What an XML Sitemap is and how to create one
By Tiago CostaUpdated on July 2, 2026

An XML sitemap is a file that lists a site's URLs in XML format to guide search engines. It helps Google discover and prioritize pages, especially on large or new sites. Each URL sits inside a <loc> tag, and the file usually lives at an address like /sitemap.xml.
What an XML sitemap is
An XML sitemap is a text file in XML format (eXtensible Markup Language) that lists the URLs you want search engines to know about. Each address sits inside a <loc> tag, and the whole list lives inside a <urlset> element.
Besides the address, each entry can carry optional information that gives the engine context:
- <loc>: the page URL, the only required field.
- <lastmod>: the date of the last change, useful to signal updated content.
- <changefreq> and <priority>: hints about change frequency and relative importance, now barely considered by Google.
In practice, the sitemap is a site map handed over on a plate: instead of waiting for the engine to find everything on its own through links, you give it the list of addresses that matter.
What the XML sitemap is for in SEO
The sitemap's role is to help with discovery. It makes the job of the crawler, the robot that travels the web following links, easier by handing over at once the list of pages you consider relevant.
This is especially valuable in a few scenarios:
- Large sites: with thousands of URLs, it is easy for a page to be poorly connected and go unnoticed.
- New sites: still with few backlinks, they rely more on the sitemap to be found.
- Isolated pages: addresses with few internal links pointing to them gain a direct route to discovery.
An important warning: the sitemap helps with discovery, but does not guarantee indexing. Google decides on its own what to index, judging quality and relevance. Listing a URL in the sitemap is an invitation, not an order.

How to create an XML sitemap
You do not need to write the file by hand. There are three main paths, from the simplest to the most manual:
- CMS and plugins: most platforms generate the sitemap on their own. On WordPress, SEO plugins create and update the file automatically with each new piece of content.
- Online generators: tools that crawl the site and return a ready file, good for static or small sites.
- Manual or programmatic generation: in custom projects, the system itself builds the XML from the database, keeping it always up to date.
Whatever the method, the golden rule is the same: the sitemap should list only URLs you truly want in the results, each in its canonical version, with no duplicates or redirects.
XML sitemap limits and best practices
The format has clear rules. According to the Google Search Central documentation, a single sitemap file is limited to 50 MB (uncompressed) or 50,000 URLs. Anyone going over those numbers needs to split the list into several files.
For large sites, the solution is the sitemap index, a file that points to other sitemaps, like an index of indexes. That way you keep each file within the limit and submit only the index to Google.
Other best practices that avoid wasting crawl:
- Include only indexable pages that return a 200 status.
- Always use the canonical URL, never duplicate versions of the same content.
- Keep
<lastmod>honest, updating the date only when the content actually changes. - Encode the file in UTF-8 and use absolute URLs.

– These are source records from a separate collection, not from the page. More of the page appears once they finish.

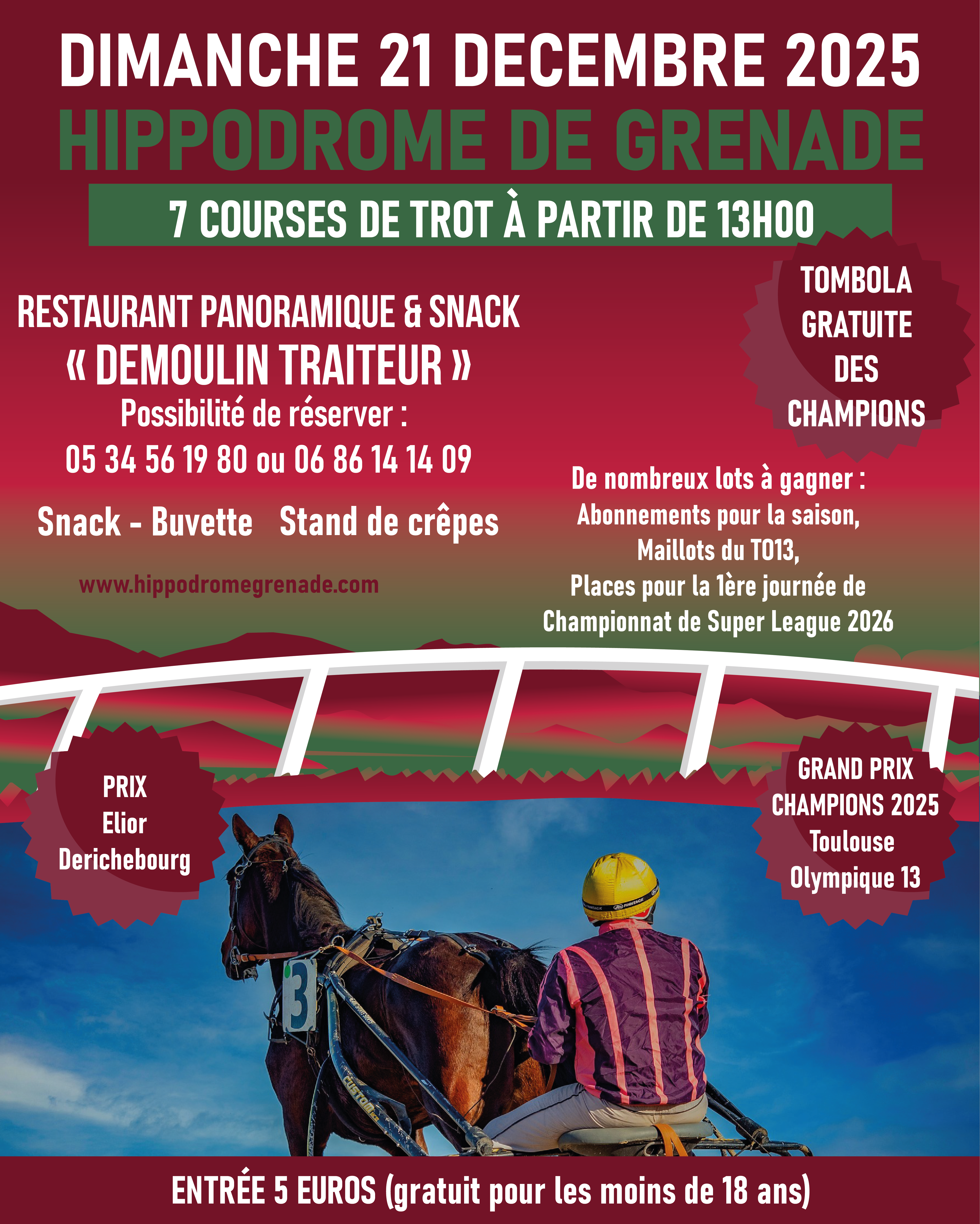 Pour cette ultime réunion du meeting et de l’année, le programme prévoit huit courses au trot de bon niveau. Temps fort de la journée, le Grand Prix d’Hiver, rebaptisé Grand Prix Champions 2025 Toulouse Olympique XIII, promet un spectacle de choix.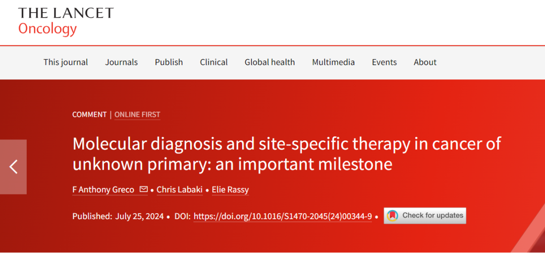 美国Sarah Cannon肿瘤研究所F Anthony Greco教授评论文章同期发表于《柳叶刀·肿瘤学》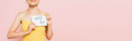 cropped view of young woman holding with love card isolated on pink, panoramic shot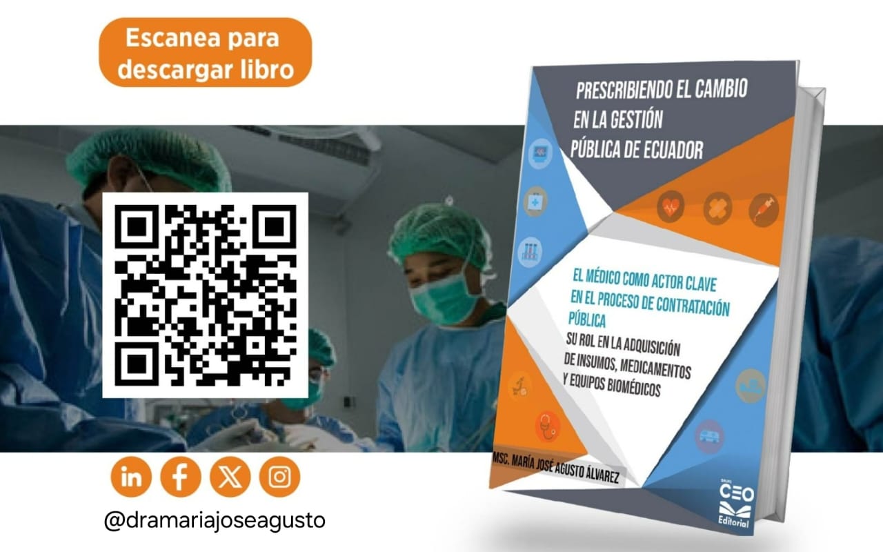 “Prescribiendo el Cambio en la Gestión Pública de Ecuador”, libro que destaca la importancia de la participación de los médicos en la contratación pública debido a su conocimiento especializado y su impacto en la calidad de la atención médica, garantizando la selección adecuada de productos, una óptima relación costo-beneficio y la eficiencia financiera.

How to submit the sitemap to Google
Once the file is published, it is time to tell the engine. There are two complementary ways:
- Google Search Console: in the Sitemaps report of Google Search Console, just enter the file path (for example, sitemap.xml) and submit. There you also track errors and the number of discovered URLs.
- The robots.txt file: including the line that points to the sitemap in robots.txt helps other search engines find it automatically.
Submitting through Search Console is the most valuable step, because it opens a diagnostic channel: if a URL in the sitemap has a problem, the report shows it, and you can confirm case by case with URL inspection.
Common XML sitemap mistakes
A sloppy sitemap hurts instead of helping. The most frequent slips are:
- Listing URLs with noindex: telling the engine to discover pages you yourself ask not to index sends contradictory signals.
- Including redirects and errors: URLs that return 301, 404 or 410 in the sitemap waste crawl and clutter the reports.
- Blocking the sitemap in robots.txt: if the crawler cannot read the file, it is useless.
- Leaving the file outdated: a sitemap that does not reflect the current site loses its value and can confuse the engine.
The fix is to keep the file clean and in sync with the site. A good sitemap lists only what should rank, always in the canonical version and with a healthy status.